Here are the great battlegrounds of the First World War as you have never seen them before, from the First Battle of Ypres where gallant men on horseback find things do not go to plan to the closing horror of the mud at Passchendaele. The book showcases the most eye-opening panoramas, along with poignant personal photographs and the recollections of the soldiers caught in action in the battles shown. These panoramic photographs were the nearest thing to satellite mapping in their day, taken by the British Royal Engineers for intelligence purposes thoughout the war. The photographers had to spend tens of minutes with their head above the parapet - a view normally seen by the troops only through a trench periscope. Many of the images give a field of view of up to 160 degrees, and so sharp that individual figures - a soldier picking lice on his shirt, a sniper lying in wait - can be made out. The images cover the whole of the Western Front, end to end. For the general buyer they have an impact unlike anything seen before. For the specialist, they document a lost world, putting other forms of archive into temporal, topographical and geographical context. What they reveal challenges existing perceptions of the First World War. As well as tortured landscapes of featureless mud, they also show fields of flowers, beaches, churches still standing. There are desperate scenes for sure, but an important lesson is that much of the war was fought in a real, recognizable landscape.

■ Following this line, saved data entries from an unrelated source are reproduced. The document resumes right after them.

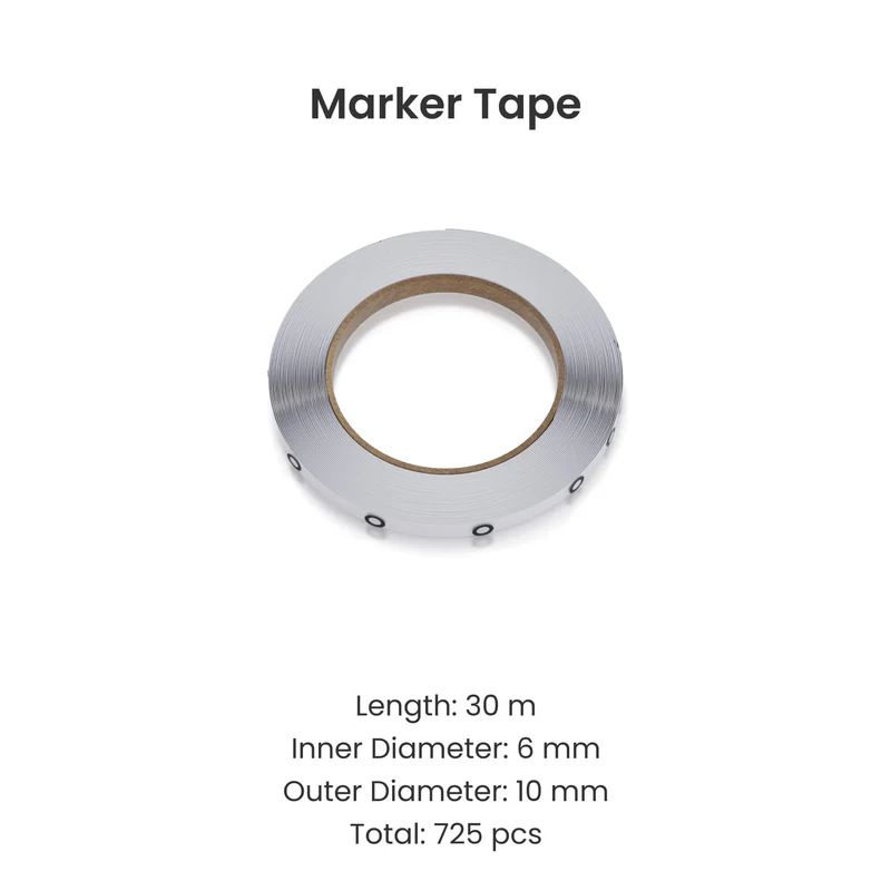 Consigli d’uso: applicare il nastro su superfici pulite e lisce, assicurandosi che i marcatori siano ben distanziati per una calibrazione ottimale. Evitare pieghe o bolle d’aria per mantenere l’efficacia del nastro durante la scansione.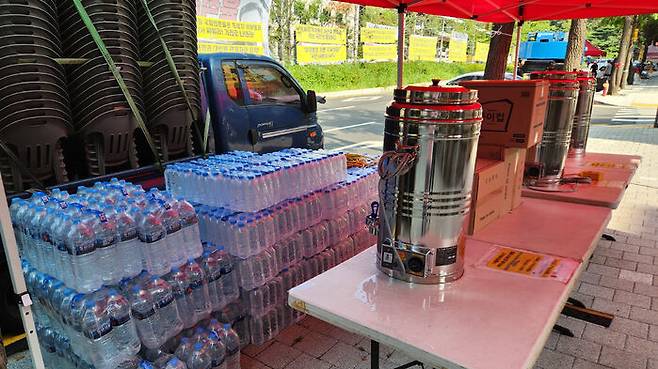 폭염에 대비해 더위를 식힐 생수도 한가득 준비됐습니다.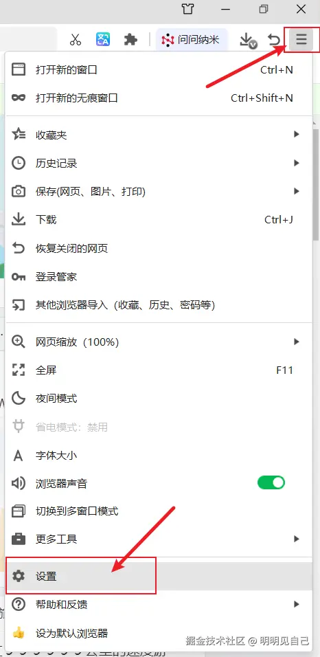 在360浏览器中,点击右上角的三道杠打开菜单,在下拉菜单中选择设置。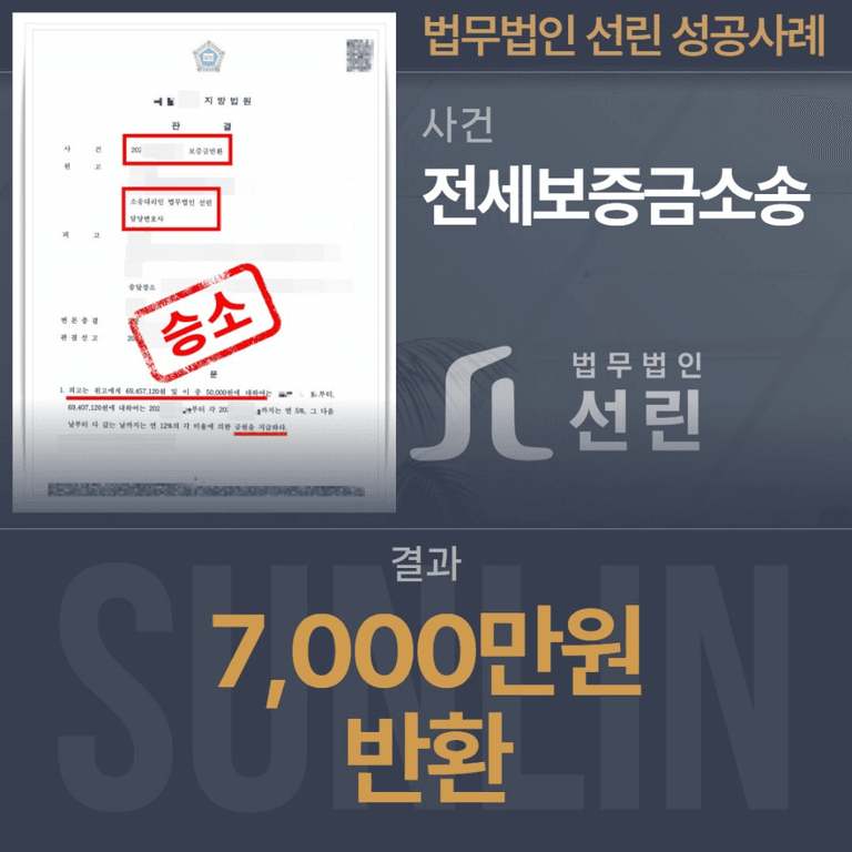 전세보증금반환소송 → 결과 : ‘7,000만원’ 반환 판결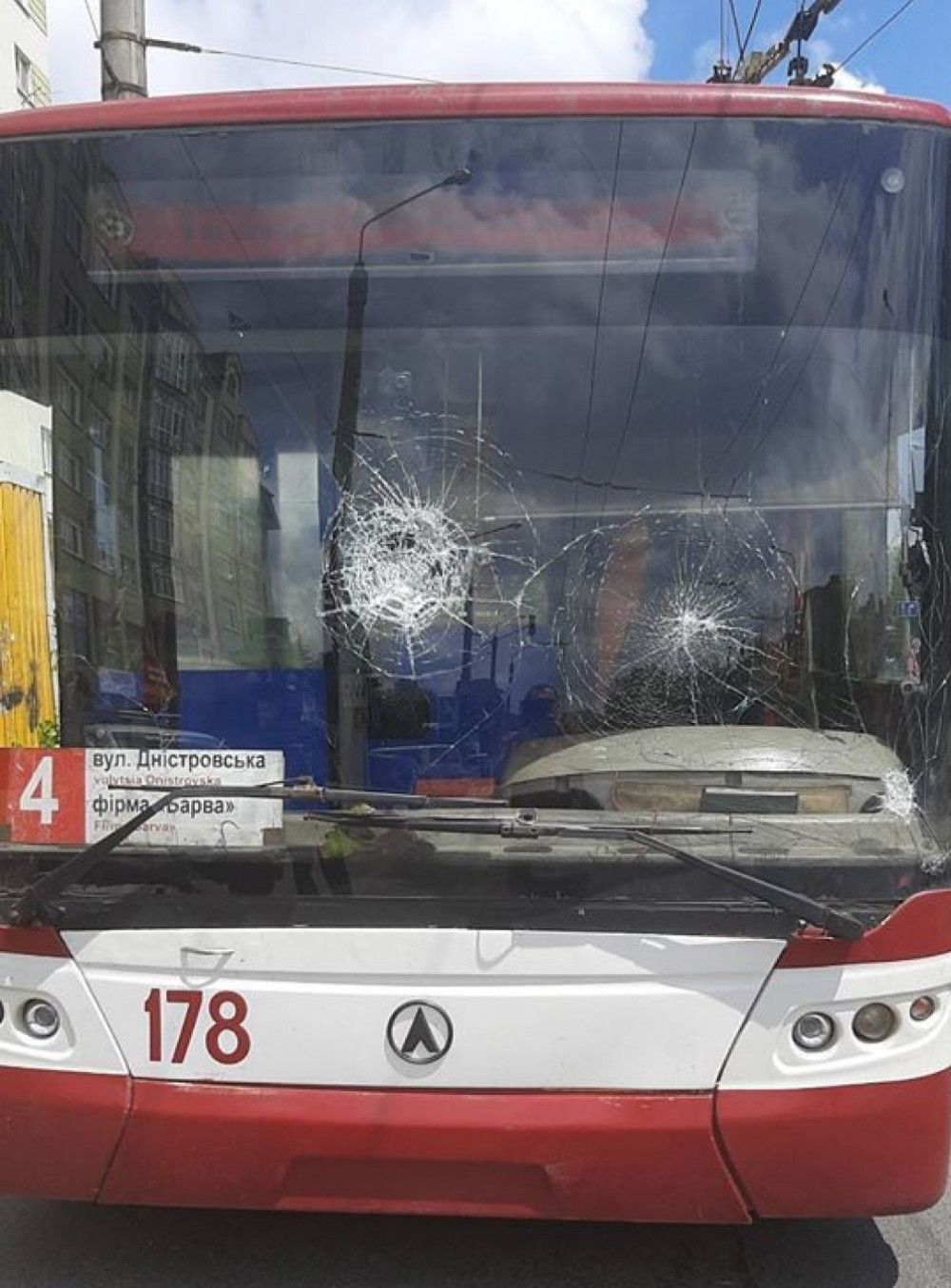 У четвер, 18 червня близько 12 години невідомий чоловік кинув камінь у вікно тролейбусу.

Peter Barton is a historian, archaeologist and film-maker. He authored The Battlefields of the First World War after researching the forgotten Imperial War Museum panorama archive for eight years. His other books include The Somme, and Passchendaele.
He continues to lead an ongoing project to recover, interpret and publish all surviving battlefield panoramas - widely regarded as the 'missing link' for our full understanding of the First World War. He has since uncovered several equivalent unseen collections of panoramas in German archives, included here.

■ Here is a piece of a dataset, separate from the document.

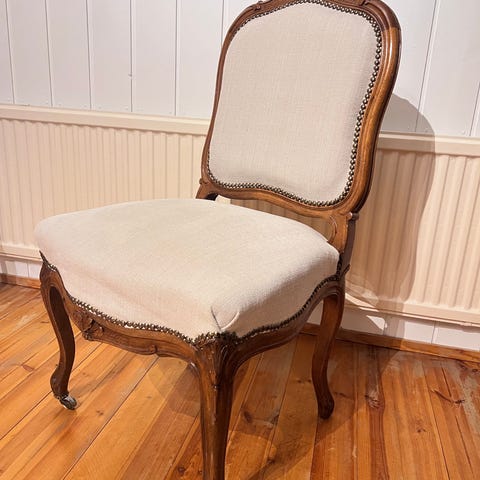 Werner Westin suunnittelema tuoli. Istuimen keinonahkaverhoilussa vaurio, muuten hyväkuntoinen.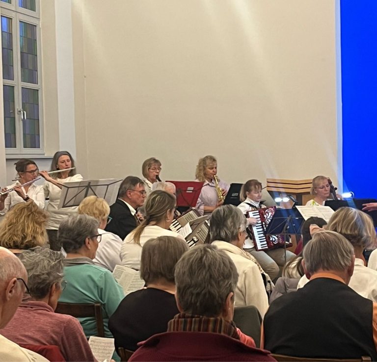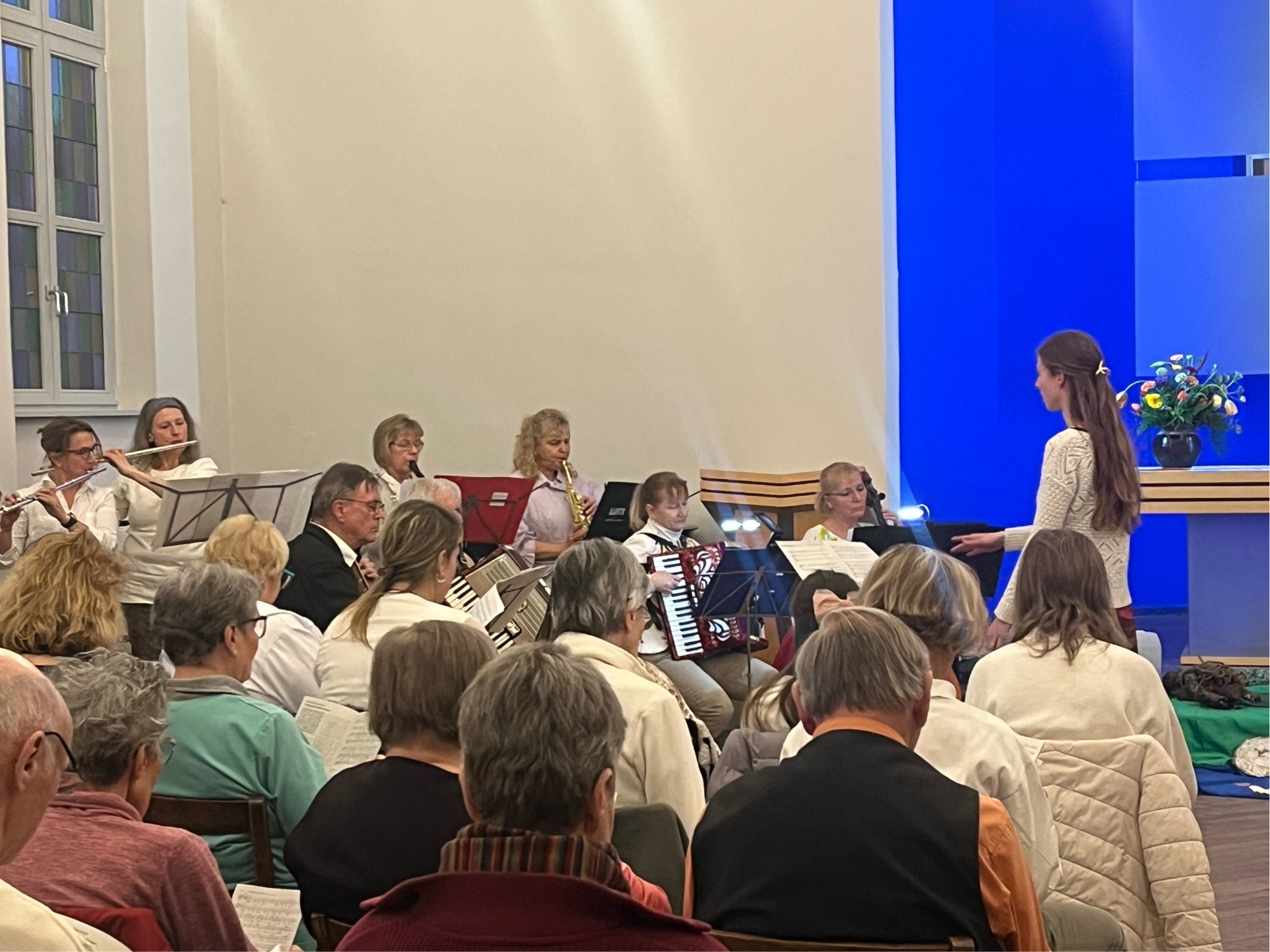 Durch die Instrumentalgruppe der Lukasgemeinde und Perkussionsinstrumente, welche kleine und große Gottesdienstbesucherinnen mit betätigen konnten, wurden die Lieder begleitet und brachten einen etwas anderen Rhythmus ins Gemeindehaus.

Barton has also led several major excavations on the Western Front, and produced the critically acclaimed documentary films The Underground War, The Soldiers' Pilgrimage and Conviction. He is co-secretary of the All Party Parliamentary War Graves and Battlefields Heritage Group.
An interesting look at the battlefields of WW1 both pictorially and also in prose. The former leans heavily on the introduction of panoramas of the battlefields from the Sea to the Alps in sections, supported by a narrative that explains the battles and their significance.

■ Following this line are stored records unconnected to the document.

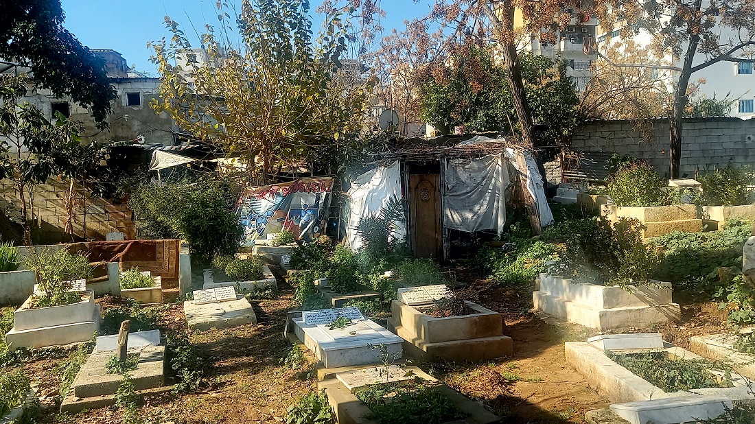 مساكن الصفائح المنتشرة في مقبرة الغرباء.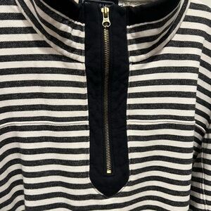 Women’s Duffield Lane Black & White Striped 1/4 Zip Pullover Sz 2XL 100% Cotton
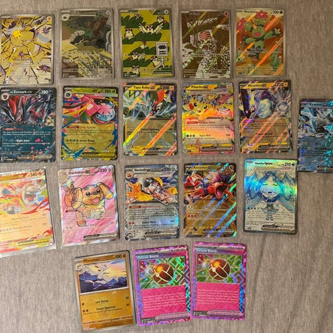 En hel rekke Pokémon-kort for en rimelig penge. Her er det førstemann til møllen. Alle kortene er lagt i sleeve og toploader med engang dem kom ut av pakken. Frakt går på kjøper sin regning. For kjøp av flere kort kan vi fikse en rabatt.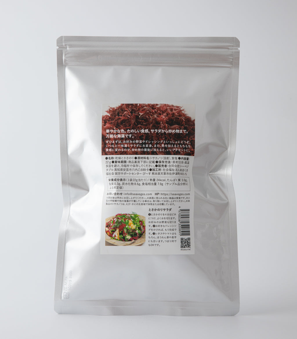 名称:乾燥とさかのり 食べ方:水で4分戻してください。約5~6倍の量になります。 原材料名:トサカノリ(国産)、食塩 内容量:22g / 110g 賞味期限:6ヶ月 保存方法:直射日光・高温多湿 を避け、冷暗所で保存してください。 [栄養成分表示(100gあたり)] 熱量111kcal、たんぱく質13.8g、脂質1.2g、炭水化物39.0g、食塩相当量36.1g *サンプル品分析による推定値 [製造者] 合同会社シーベジタブル 〒 784-0032 高知県安芸市穴内乙 688-9 [加工所] 社会福祉法人あまくさ福祉会 就労サポートセンター ぴ〜す 〒863-2171 熊本県天草市佐伊津町 401-5

Also some insights into life at the front, again with reference to the specific sections in question in many places. It's a think tome - highly detailed and lavishly illustrated with supporting maps, diagrams and regular photos (i.e. not panoramas).
Provides a fascinating new look at the war as seen from the trenches themselves and as such, casts a somewhat different eye over the fields of war. Many of the pictures look innocuous and not at all the mud filled hell holes we have come to associate with the battles. That somehow makes it worse - the war was fought over land that looks much the same as it does today, at least superficially.
Well worth seeking out if you are at all interested in this conflict although perhaps not one to read cover to cover.
Practically a trench-by-trench photo-essay of the British sector of the Western Front. The panoramas are unseen because anybody who tried to see them in real life would have got his head blown off within seconds; they were taken with extreme care and stealth, and give a picture of the Front with all its millions of men entirely out of view. What it does do very well is show how narrow the Front was, a few hundred yards at most - what an airman described in another book as a long brown rattlesnake stretching between the coast and Switzerland.
As a close analysis of the trench system it's unbeatably good IMO. You get a real impression of how the trenches varied over different geology and topography, and also through time as the tide of war ebbed and flowed. The periscope's-eye view is quite mesmerising.
The text is a good history of the war on the western front in the British sector, full of interesting personal notes and illustrative arcana from soldiers' letters and journals. But the treasure here is the trove of photographic images contained on two interactive CD-ROMs that are included. The discs hold hundreds of panoramic photographs, both British and German, showing the topography of the trenches from the North Sea all the way to Armentieres (and beyond). It's a heavy, expensive delight - look for it in a library, and be prepared to spend many hours studying the photos: they've never been published before.